Auf dem Kongress stellte die Verkehrsbehörde ihre Initiativen zur Förderung der «neuen Mobilität» vor, deren Priorität Sicherheit und Effizienz sei. Die vier konkreten Ansätze haben alle mit Digitalisierung, Daten, Überwachung und Kontrolle im großen Stil zu tun und werden unter dem Euphemismus der «öffentlich-privaten Partnerschaft» angepriesen. Auch lassen sie die transhumanistische Idee vom unzulänglichen Menschen erkennen, dessen Fehler durch «intelligente» technologische Infrastruktur kompensiert werden müssten.
Die Chefin des Bereichs «Verkehrsüberwachung» erklärte die Funktion des spanischen National Access Point (NAP), wobei sie betonte, wie wichtig Verkehrs- und Infrastrukturinformationen in Echtzeit seien.

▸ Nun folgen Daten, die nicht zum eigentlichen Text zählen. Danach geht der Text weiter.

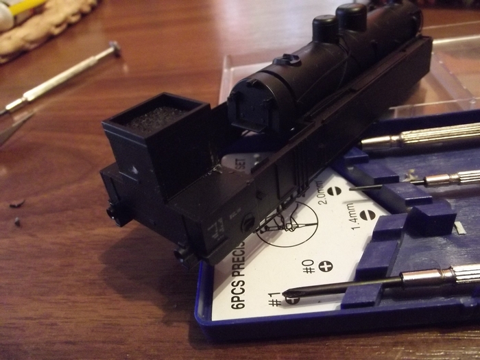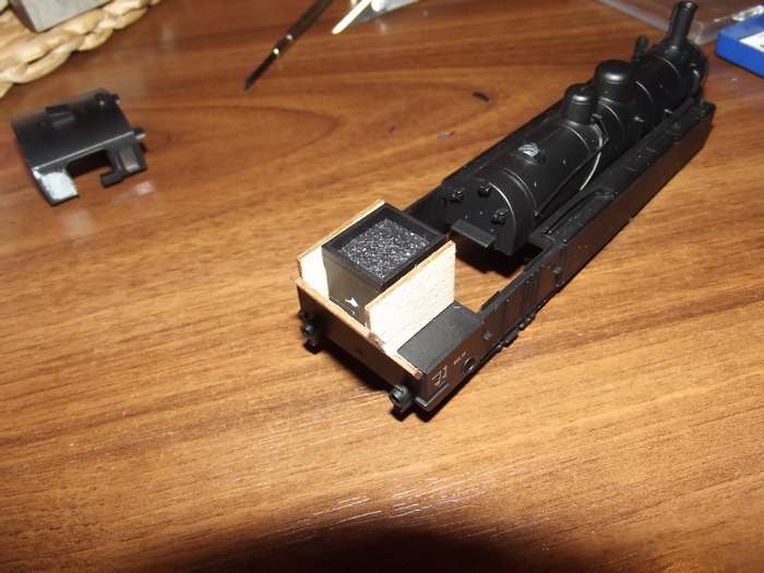 ještě se musím naučit pořádně fotit,ale u uhelné nástavby tendru je na pravé i levé straně výstuha,která nepůjde vidět a překáží v osazení dřevěné nástavby,proto pryč s ní
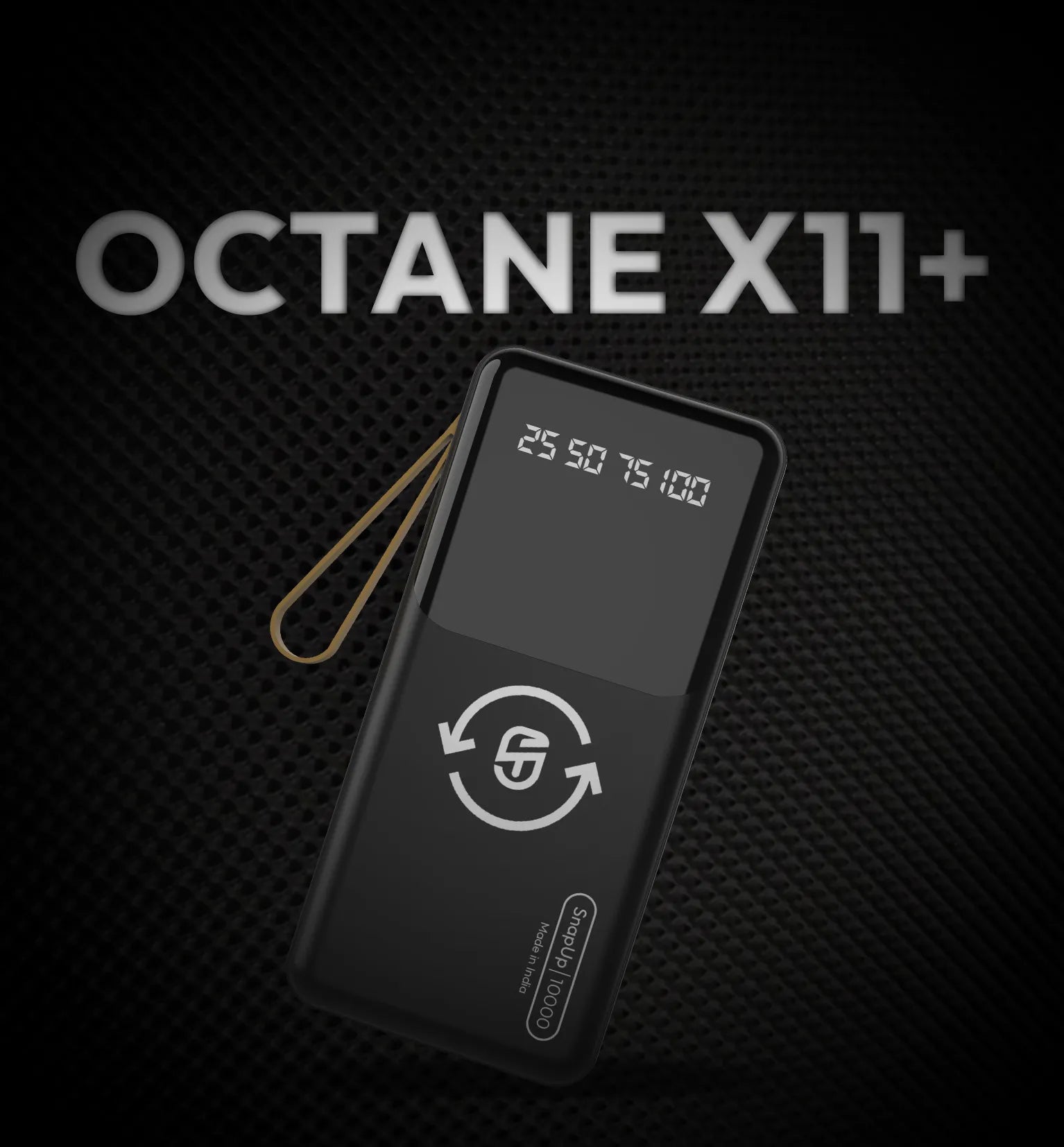 Octane X11+ is the powerbank that can keep your devices running for hours. With a battery capacity of 10000mAh, it can charge your smartphone, tablet, or other USB devices multiple times. It also supports fast charging, so you can get more power in less time. The Octane X11+ powerbank has a sleek and compact design, making it easy to carry around. Whether you need a backup power source for travel, work, or emergencies, the Octane X11+ Powerbank is reliable and convenient choice.
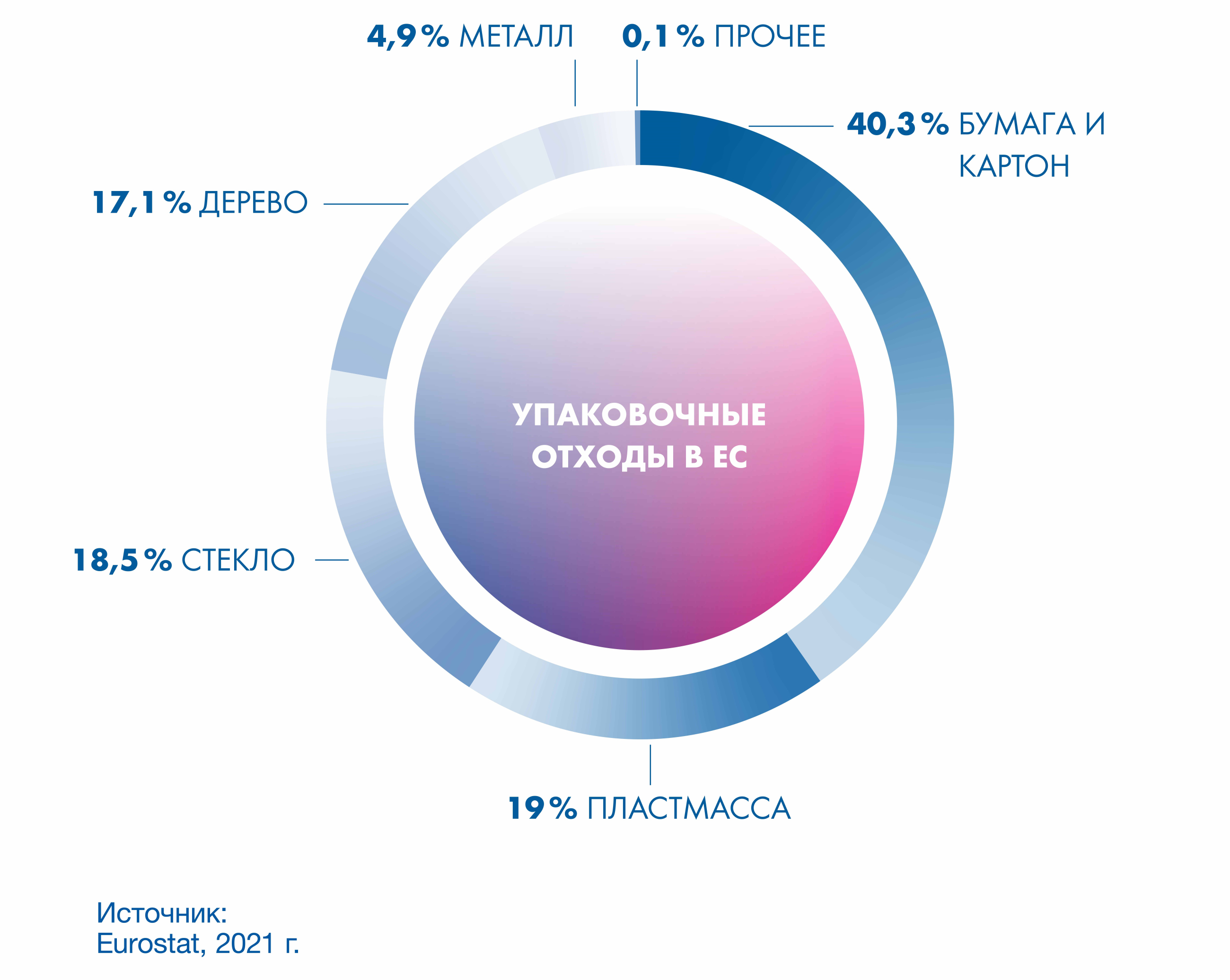 - Пластиковая упаковка составляет всего лишь 19 % всех упаковочных отходов в ЕС, сразу за ней следует стекло (18,5 %) и дерево (17,1 %).
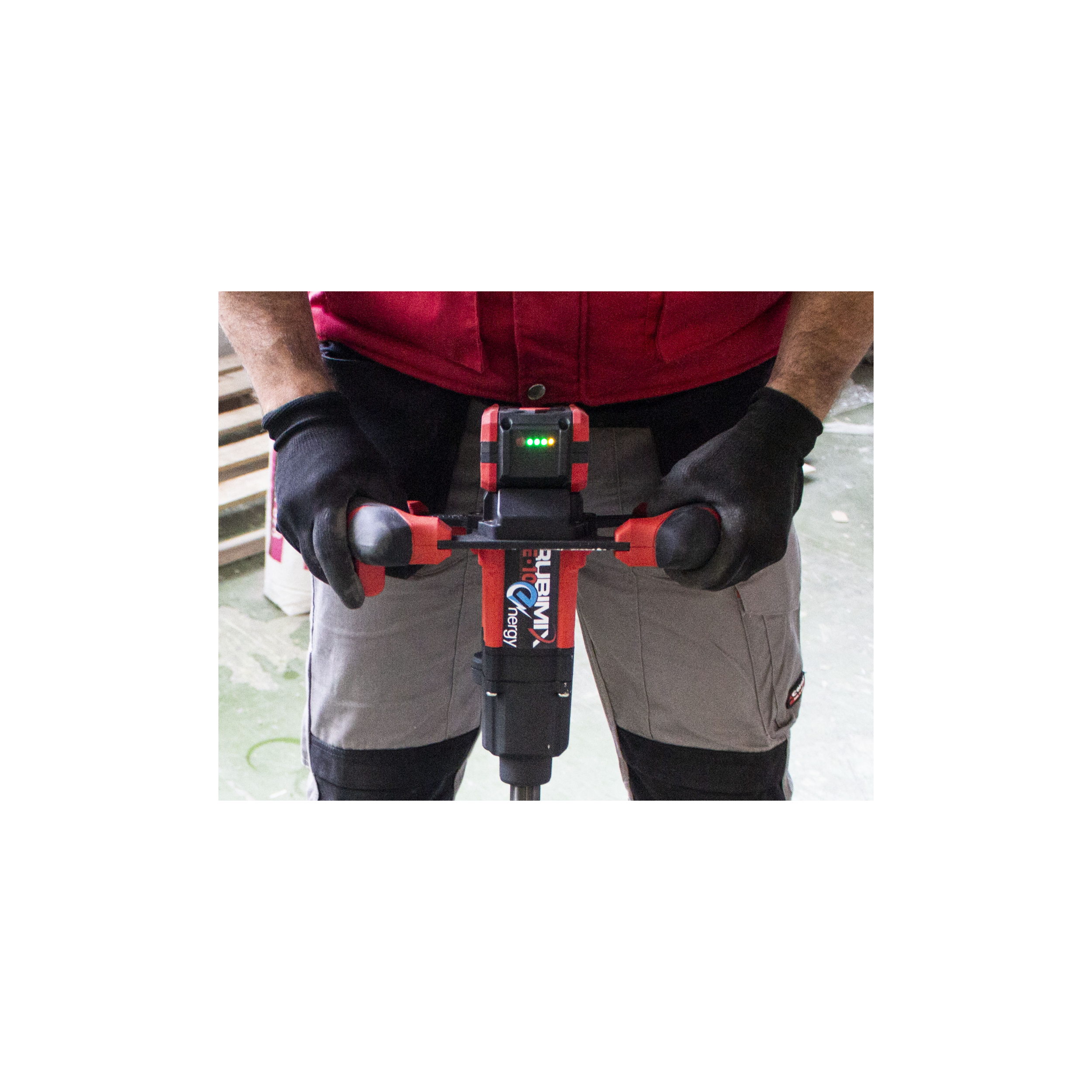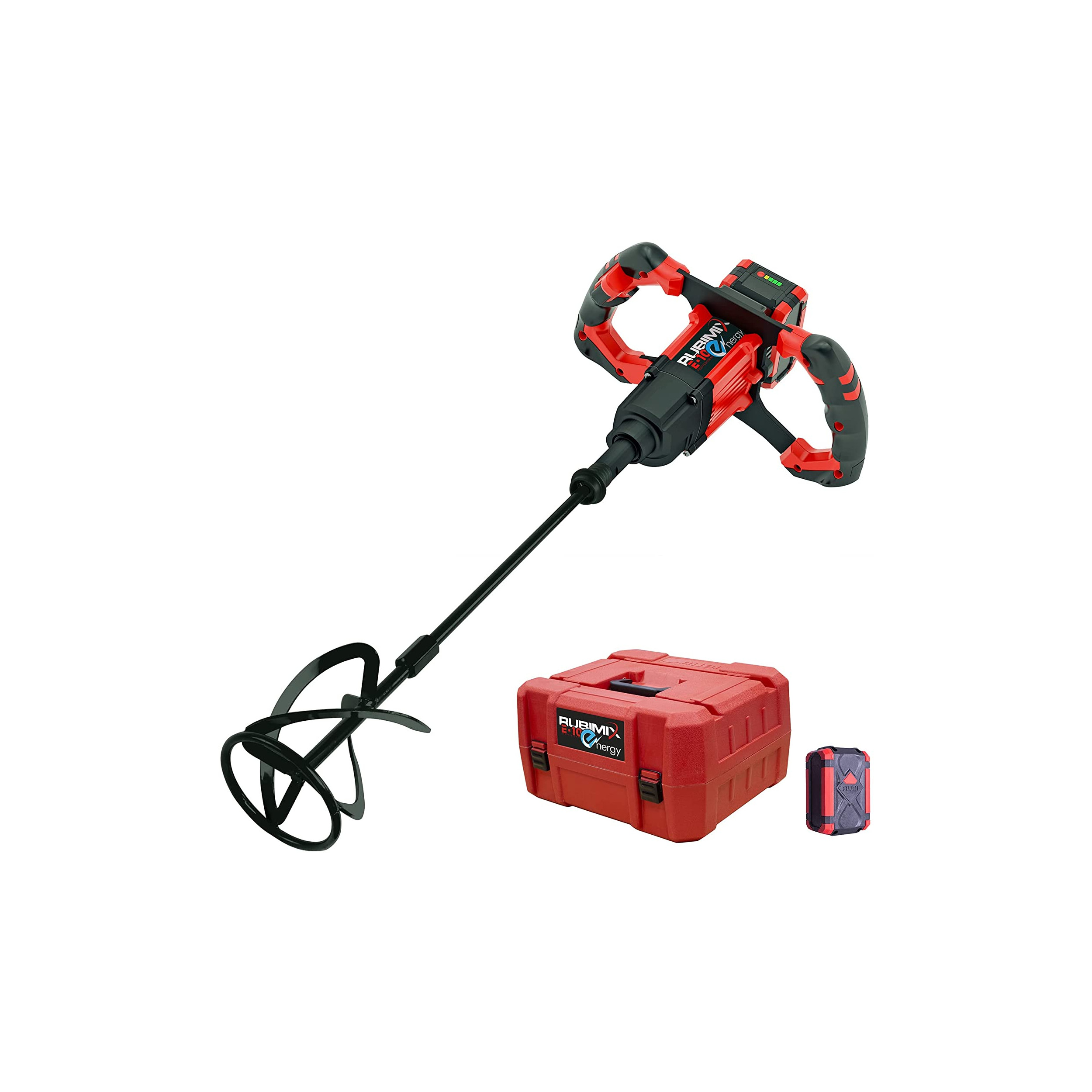 El mezclador eléctrico con batería RUBIMIX E-10 ENERGY es ideal para el mezclado de adhesivos cementosos, resinas, pinturas, y otros materiales. La transportabilidad, la manejabilidad y la comodidad de no depender de un punto de luz y la libertad y seguridad de trabajar sin cables, son los principales beneficios del mezclador RUBIMIX E-10 ENERGY. Equipado con un motor BRUSHLESS, el RUBIMIX E-10 ENERGY no necesita mantenimiento y se incrementa la vida del producto, de forma significativa.

Der NAP ist «eine essenzielle Web-Applikation, die unter EU-Mandat erstellt wurde», kann man auf der Website der DGT nachlesen.
Das Mandat meint Regelungen zu einem einheitlichen europäischen Verkehrsraum, mit denen die Union mindestens seit 2010 den Aufbau einer digitalen Architektur mit offenen Schnittstellen betreibt. Damit begründet man auch «umfassende Datenbereitstellungspflichten im Bereich multimodaler Reiseinformationen». Jeder Mitgliedstaat musste einen NAP, also einen nationalen Zugangspunkt einrichten, der Zugang zu statischen und dynamischen Reise- und Verkehrsdaten verschiedener Verkehrsträger ermöglicht.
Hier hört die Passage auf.